The State Administrative Procedure Act provides in detail for rule-making procedure. That procedure requires that the “express terms of the proposed rule” be set forth in a notice published in the New York State Register (State Administrative Procedure Act, § 202, subd 1, par [c], cl [3]; § 202, subd 2, par [b], cl [3]). This requirement serves to provide potentially affected parties an opportunity to study the proposed rules and to comment thereon. Subdivision 3 of section 202 of the State Administrative Procedure Act also requires that the rule-making agency submit a notice of action taken to the Secretary of State for publication in the State Register with substantive changes resulting from the final action and not included in the originally proposed rule. Thus, subdivision 3 of section 202 enables persons concerned to provide input for the final drafting of proposed rules and regulations.
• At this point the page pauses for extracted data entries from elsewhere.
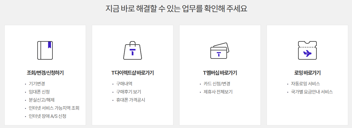 | SKT 공식 홈페이지 | SKT 홈페이지 | 요금 확인, 결제 관리, 상품 변경, 채팅 상담 등 |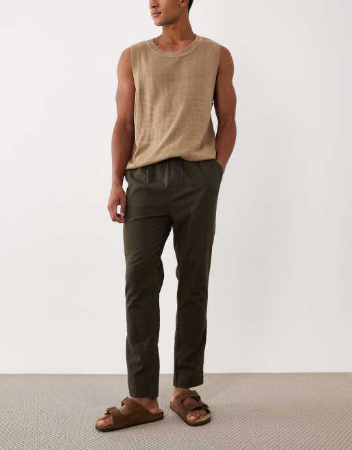 Brave Soul relaxed fit linen mix pants in khaki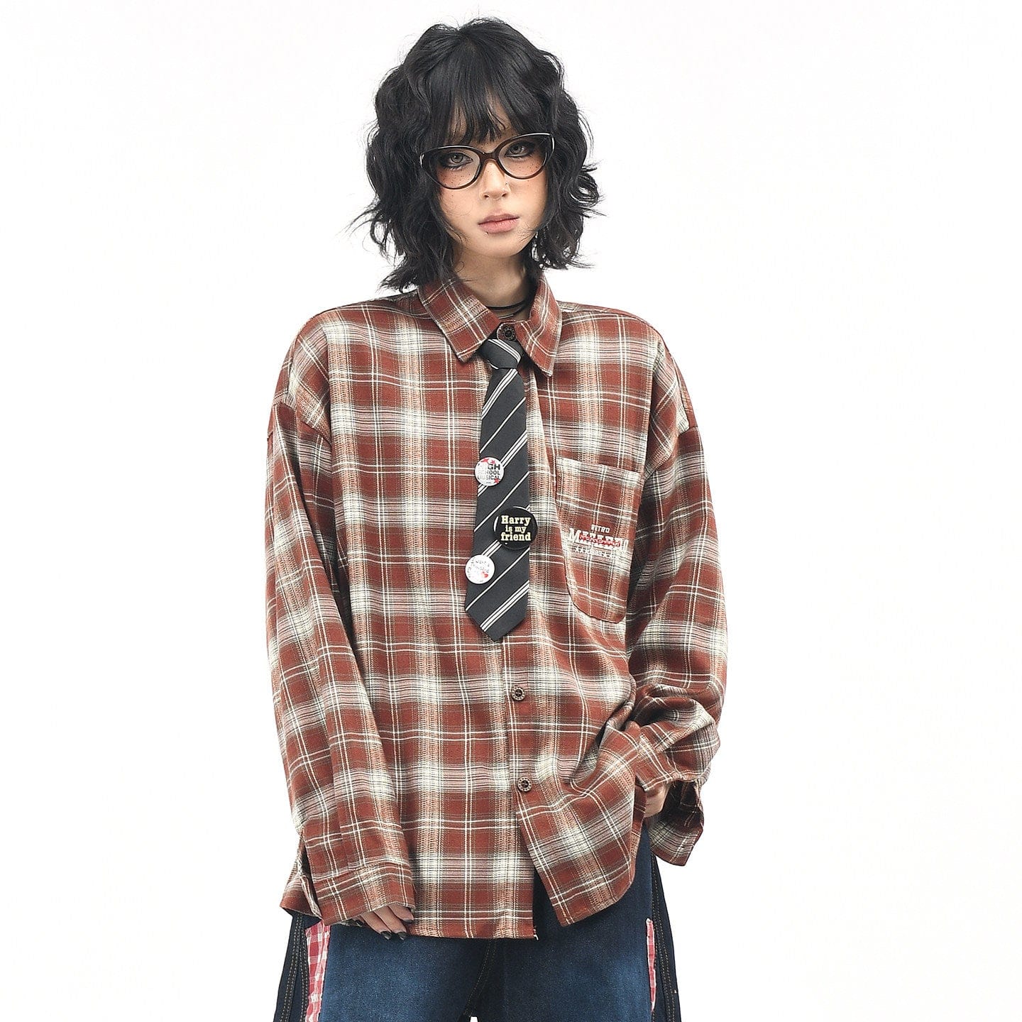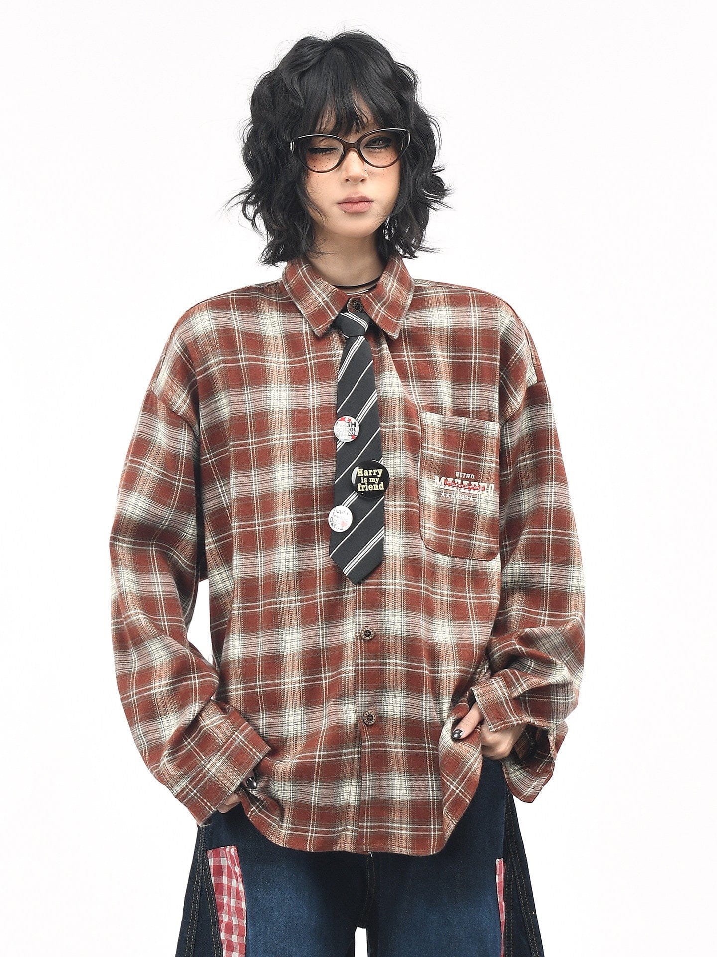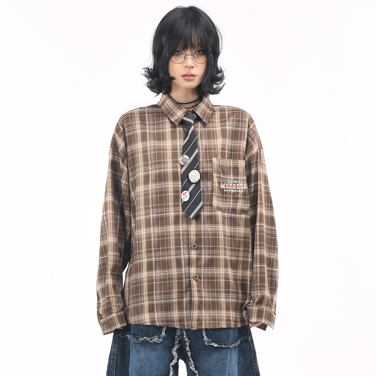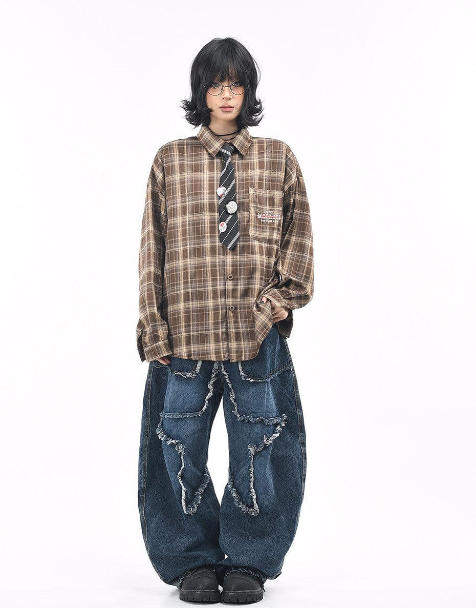 Vintage Badge & Tie Plaid Shirt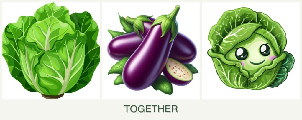 - Growth Requirements: Lettuce prefers cooler temperatures and partial shade, which it can receive from the taller cabbage and eggplant. Eggplants thrive in warm conditions with full sun, while cabbage prefers cooler weather but can tolerate sun.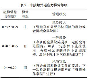 檢測完成后,選擇部分異常點(diǎn)進(jìn)行開(kāi)挖,對磁應力檢測結果進(jìn)行修正。如果開(kāi)挖評價(jià)結果比磁檢測結果評價(jià)輕,應按開(kāi)挖評價(jià)結果適當提高該管段的磁異 常綜合指數F值;如果開(kāi)挖結果比磁檢測結果嚴重,應適當降低F值;如果開(kāi)挖結果比磁檢測結果嚴重很多,應降低F值,重新排列開(kāi)挖點(diǎn),并對這種情況的磁異常段進(jìn)行優(yōu)先開(kāi)挖。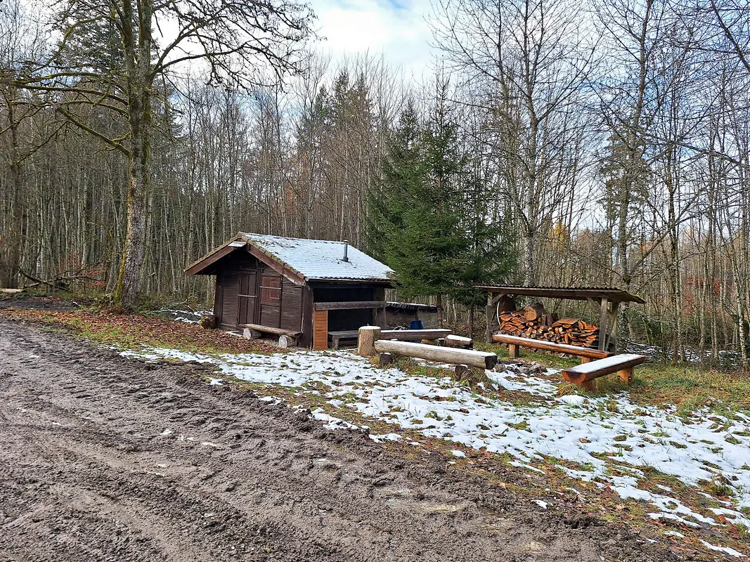 Frisch gestärkt geht es weiter über den Schwarzwald-Jura-Bodensee-Weg in Richtung Gehöft Langenmoss. Der Weg führt durch stillen Wald zwischen Kalkofen und Öde Halde, vorbei an der Webnesthütte, bis ich schließlich wieder in Bankholzen ankomme.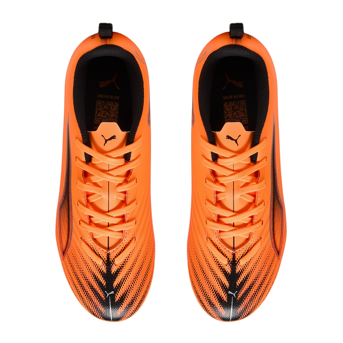 Puma Ultra 6 Play FG/AG voetbalschoen voor kinderen. Synthetische schoenen voor gebruik op kunstgras- en natuurgrasvelden. Laagwaardige schoenen in Heat Fire-Black-Glowing Red.

Prior to the December 23,1982 submission, the Commissioner certified that it had complied with the State Administrative Procedure Act when it adopted Federal regulations as its own rules by having them incorporated by reference, and published as so incorporated in the New York Official Code of Rules and Regulations as 6 NYCRR part 366. The Commissioner apparently assumed that his wholesale incorporation by reference of the Federal list of hazardous material in the various notices published in the New York State Register was sufficient to fulfill the State Administrative Procedure Act procedures. But such incorporation by reference has been judicially declared unconstitutional as violative of due process in failing to provide proper notice of prohibited conduct. It was so held by the Court of Appeals in the Coalition case (supra), and by the County Court decisions cited supra. Thus, there is lacking the necessary foundation required by the State Adminis*994trative Procedure Act for the December 23, 1982 submission as a “filing” even with the inclusion of the list of hazardous wastes as an appendix.6

This court finds that the submission by the Commissioner on December 23, 1982, failed to comply with the prerequisites required by the State Administrative Procedure Act since no prior notice nor hearing on the actual text of the proposed rules and regulations to be adopted in New York State were ever effectuated.7 Hence, no notice of what conduct was prohibited under New York State law was promulgated.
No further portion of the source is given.